Melanin-concentrating hormone (MCH) is a small cyclic neuropeptide first isolated and characterized in 1983 by Hiroshi Kawauchi, I. Kawazoe, M. Tsubokawa, M. Kishida, and B.I. Baker, who purified it from chum salmon (Oncorhynchus keta) pituitary and named it for its ability to concentrate melanin granules within fish melanophores — producing the pale-skin response that is the inverse of the alpha-MSH-driven skin-darkening response.

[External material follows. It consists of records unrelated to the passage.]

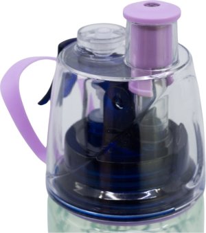 Dětská plastová láhev na vodu s náustkem a rozprašovacím tlačítkem. Vlastnosti: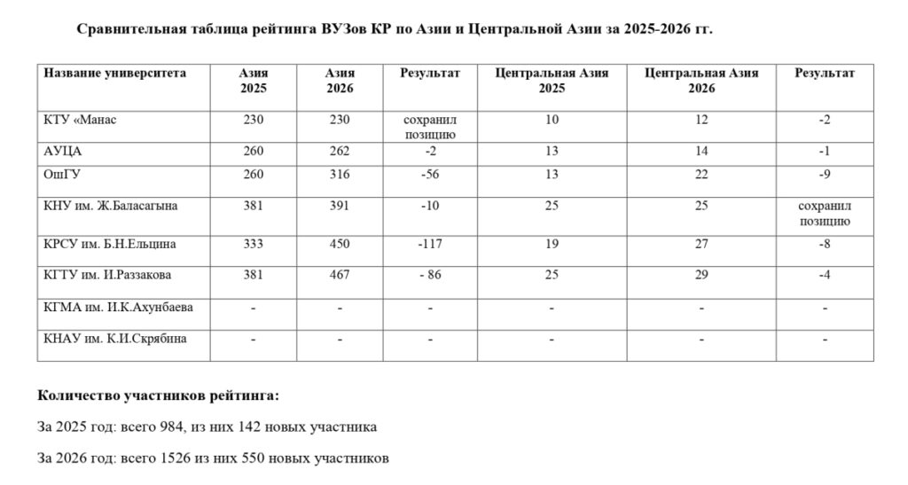 Эгер өткөн жылы рейтингге Азиянын 984 жогорку окуу жайы катышып, быйыл алардын саны 1526га (+542) жеткенин жана башка жогорку окуу жайлардын рейтинги 56 (ОшМУ), 86 (КМТУ) жана 117 (КРСУ) позицияга төмөндөгөнүн эске алсак, Улуттук университет бул рейтингде татыктуу орунду ээлегени байкалып турат.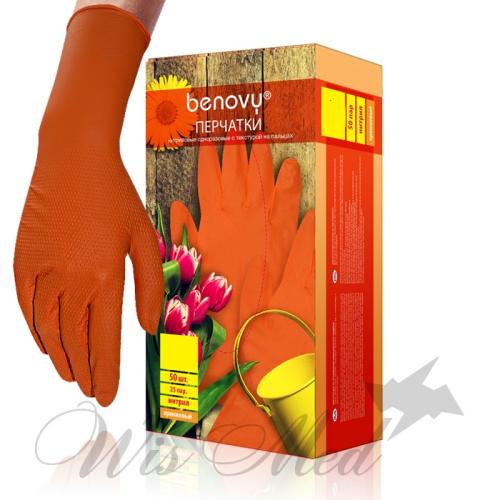 Перчатки нитриловые особо прочные удлиненные ОРАНЖЕВЫЕ BENOVY HIGH RISK размер M 25 пар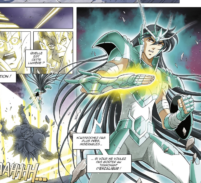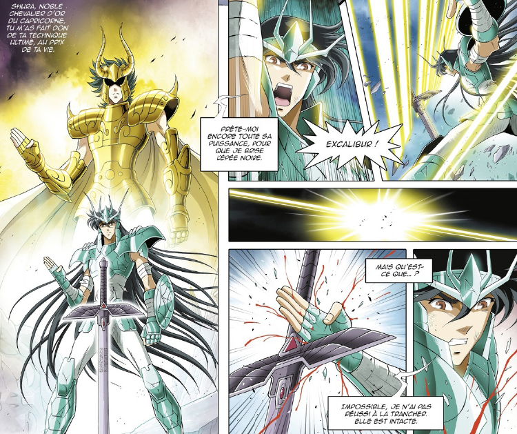 - Elétis é ferido. Diante disso, Shiryu tenta destruir a espada de Hades com a Excalibur, mas sem sucesso. Uma visão de Shura de Capricórnio explica que a espada de Hades é um "atributo" divino e não pode ser destruída por uma técnica humana.

The mammalian homolog is a 19-amino-acid peptide cleaved from the prepro-MCH precursor encoded by the PMCH gene, with a characteristic intramolecular disulfide bond between Cys7 and Cys16 that closes the molecule into a cyclic structure. Despite its fish-pigmentation namesake, the dominant role of MCH in mammals is in the central nervous system rather than the skin: MCH is produced almost exclusively by neurons in the lateral hypothalamic area and zona incerta, with widespread axonal projections throughout the brain. Mammalian MCH signals through two G-protein-coupled receptors — MCH-R1 (MCHR1, also called SLC-1 or GPR24), which is the dominant and physiologically relevant receptor in all mammals, and MCH-R2 (MCHR2), which is functional in primates, carnivores (dogs, ferrets), and several other lineages but exists only as a non-functional pseudogene in rodents. Central administration of MCH in rodents robustly stimulates food intake, established by Qu, Ludwig, Lowell, Maratos-Flier, and Flier in their 1996 Nature paper, and MCH-knockout mice are lean, hypophagic, and resistant to diet-induced obesity (Shimada, Tritos, Lowell, Flier, Maratos-Flier, Nature 1998). MCH-R1 antagonists have been an active obesity drug-discovery target for roughly 25 years across multiple major pharmaceutical companies (Amgen, Pfizer, Synaptic, GSK, Neurocrine, Procter & Gamble, and others), with SNAP-7941 (Borowsky et al., Nature Medicine 2002) emerging as a key tool compound. No MCH-R1 antagonist has reached approval — multiple candidates have been discontinued in development, often for cardiovascular (hERG-channel-related) or CNS tolerability reasons.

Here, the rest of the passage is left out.